*** Recorded data Section Begins ***

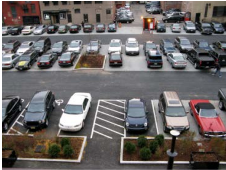
Fancy landscaped parking lot next to RISD Studios, Providence, RI, 2008. (Gabriela Salazar)

Most distressing is when the now-empty lot is not filled, when the ghost image of the former structure can be seen on the adjacent building's wall and the bone-like rubble is left to line the ground, such as the lot on the other side of Fletcher (Figure 4). In this instance, we are not reassured or allowed to put a frame around the ruin; instead, we are fearful at its implication. Like a missing tooth, we notice the absence and don't get used to it because the function of our teeth, to chew and to look good or, in the case of a building, to house our activities and to help maintain the function and feel of the city, is compromised. [22]
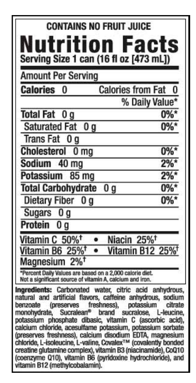
Figure 1. Nutrition Facts panel of BANG energy drink.
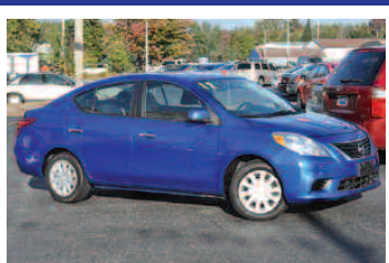
2012 Nissan Versa SV

*** Recorded data Section Ends ***

Required work ->
An exact restatement is expected of the lines from the line containing "Most distressing is" to the end of the data above, pictures excluded.

Result of this task ->
Most distressing is when the now-empty lot is not filled, when the ghost image of the former structure can be seen on the adjacent building's wall and the bone-like rubble is left to line the ground, such as the lot on the other side of Fletcher (Figure 4). In this instance, we are not reassured or allowed to put a frame around the ruin; instead, we are fearful at its implication. Like a missing tooth, we notice the absence and don't get used to it because the function of our teeth, to chew and to look good or, in the case of a building, to house our activities and to help maintain the function and feel of the city, is compromised. [22]
Figure 1. Nutrition Facts panel of BANG energy drink.
2012 Nissan Versa SV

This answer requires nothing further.